Highlighted Datasets

These are some open datasets we think you could enjoy working on.

The Pokémon Pokédex

Pokémon started out as a Japanese card game and became a worldwide phenomenom. The link is to a public API providing access to all the information about all Pokémons, throughout all existing (seven) generations + including berries! Two great projects for this dataset would be to create PokéBots: (1) a bot that you could compete against and (2) a bot that could help you train your Pokémons.

A link to the API: http://pokeapi.co/docsv2/#info

Some additional Pokémon resources are:

  • Pokédex Python module - The name says it all.
  • The Pokédex - A website holding all information about Pokémon, they have no public API (as far as we could tell), but you can scrape it for info.

Datasets Subreddit

Reddit is one of the biggest social bullitien boards hosting many communities, one of these communities is the dataset community, used to both requesting and publishing open datasets.

A link to the community: https://www.reddit.com/r/datasets/

Some examples are:

  • United States Prisioner Dataset - Containing ~18M record of prisoners admission, term, population etc.
  • Urbana Police Arrests - Urbana (a city in the Champaign county, in Illinois USA) published a list of all police arrests since 1988.
  • Monthly Grain Prices in Englad - All grain prices from 1270-1955.
  • All Reddit Posts - A dataset containing all posts published in Reddit.
  • There are people who request datasets (and being provided with one) so if you browse this community, don't just go into the 'dataset' tagged posts.
  • A scrapper for this community was also developed, so you can browse all available datasets in an easy fashion.

Open Municipality Budgets

Open local budget is a project under The Public Knowledge Workshop aimed at making local authorities budgets accessible to the public. While the project is at beta, many budgets are already online (some in a more accessible format than others) browsable, though a single budget at a time, in the projects home page. Being in beta means that there is plenty of room for improvement - this is where you can come in! Some project ideas based on this data are:

  • How can we compare between budgets of different municipalities or of the same municipality but in different years? And how can such a comparison be visualized?
  • Given a budget can we understand how it is invested geographically/demographically? Moreover, can we derive how a given municipality invests the money it got from taxes/arnona in proportion to the amount payed by each region in the city?
  • Generalize the above two ideas into a tool that is able to take complex queries and produce meaningful results (not necesarily visualized).

The budget data is available in this Google Drive folder.

Stack Exchange

Starting in Stack-Overflow, the Stack-Exchange network is a collection of Q&A websites, each dealing with a different topic - from porgramming to home improvement. These vast knowledge bases, some containing over a few millions of answers, are available to download in XML format.

A link to the dataset: https://archive.org/details/stackexchange

Some projects that you could attempt using this dataset are:

  • How many questions are unique? We believe that most questions have been answered before (in some form or another) so why not develop an automated answering system?
  • Could we teach a machine to code based on answers from Stack-Overflow?
  • Is there similarity between different sites relating to similar topics? For instance, do questions asked around Latin-based languages have a similar answer?

Israeli MKs' Facebook Posts' Comments

We provide a unique dataset of facebook comments to statuses published by Israeli MKs during 2015-2016. In total there are about 5 million such comments, out of which 1,600 are labeled according to the sentiment of the comment's text. A great challenge is to use the 1,600 labeled comments, in order to find the sentiment of all the comments. In this folder you'll find the labeled data, some information about the labels, and the unlabeled data. This dataset was collected by the team of Kikar Hamedina, and they will be more than happy to help. Contact the data team if you wish us to get you in touch.

Additional Datasets

Here are some additional resources which you can use to find open datasets. This is really just the tip of the iceberg, so if you don't find anything interesting here, it dosen't mean that it dosen't exist at all. If you have something specific in mind and need our help, mail us at data@datahack-il.com.
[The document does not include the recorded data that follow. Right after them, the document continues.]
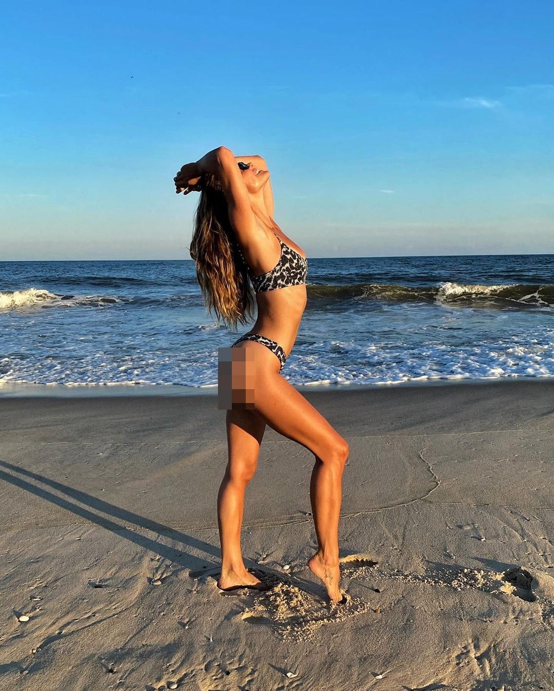 Rạng ngời trên biển, táo bạo che ngực trần, Nina Agdal khoe body rám nắng khỏe khoắn rực lửa với vòng eo thon phẳng lì.
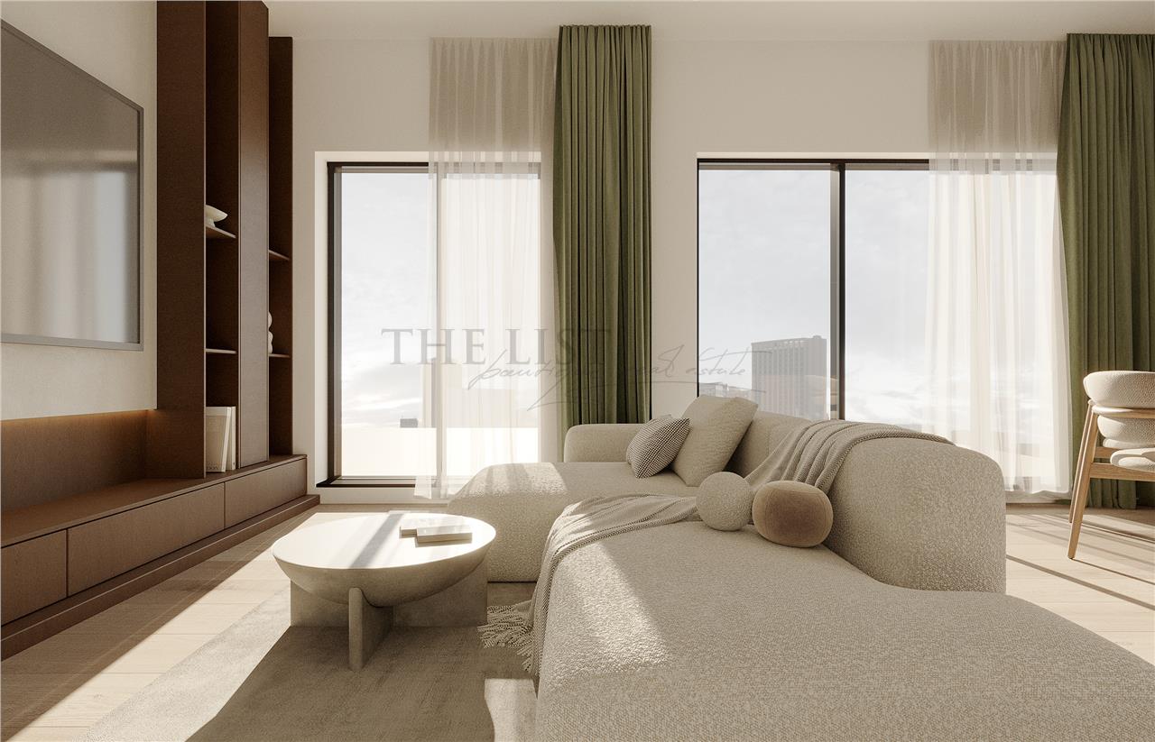 The apartment is located on the 2 st floor of a 3-story building, with a usable area of 128 sqm and a generous terrace of 49 sqm. It is divided as follows: living room with dining area and open-space kitchen of 55 sqm, master bedroom of 22.80 sqm with en-suite bathroom of 5.3 sqm, and two other bedrooms that share a common bathroom.
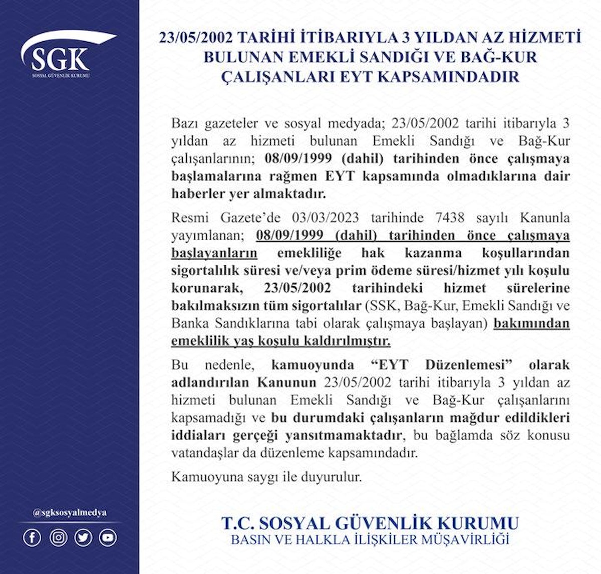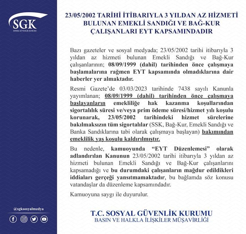 Emekli Sandığı'na bağlı çalışanların 23 Mayıs 2002’den önce, Bağ-Kurluların ise 1 Haziran 2002’den önce 3 yıl kesintisiz sigortalı çalışmış olması şartının getirildiği iddiası gerçeği yansıtmamakta olup, bu şartı sağlamayan vatandaşlar da EYT düzenlemesi kapsamındadır.

  • Kaggle - A datascience community, contains some nice datasets such as school fires in Sweden from 1998-2014.
  • The GDELT Project - The GDELT Project monitors the world's broadcast, print, and web news from around the world and identifies people, locations, organizations, emotions and more.
  • The New York Times - One of the most widespread newspapers in the world.
  • Prize4Life - A dataset containing clinical records of ALS patients.
  • European Centre for Medium-Range Weather Forecasts - Datasets containing weather information, one of which contains atmospheric data from 1900 until 2010!
  • NASA - A dataset containing all of NASA's data from biological measurements to software usage.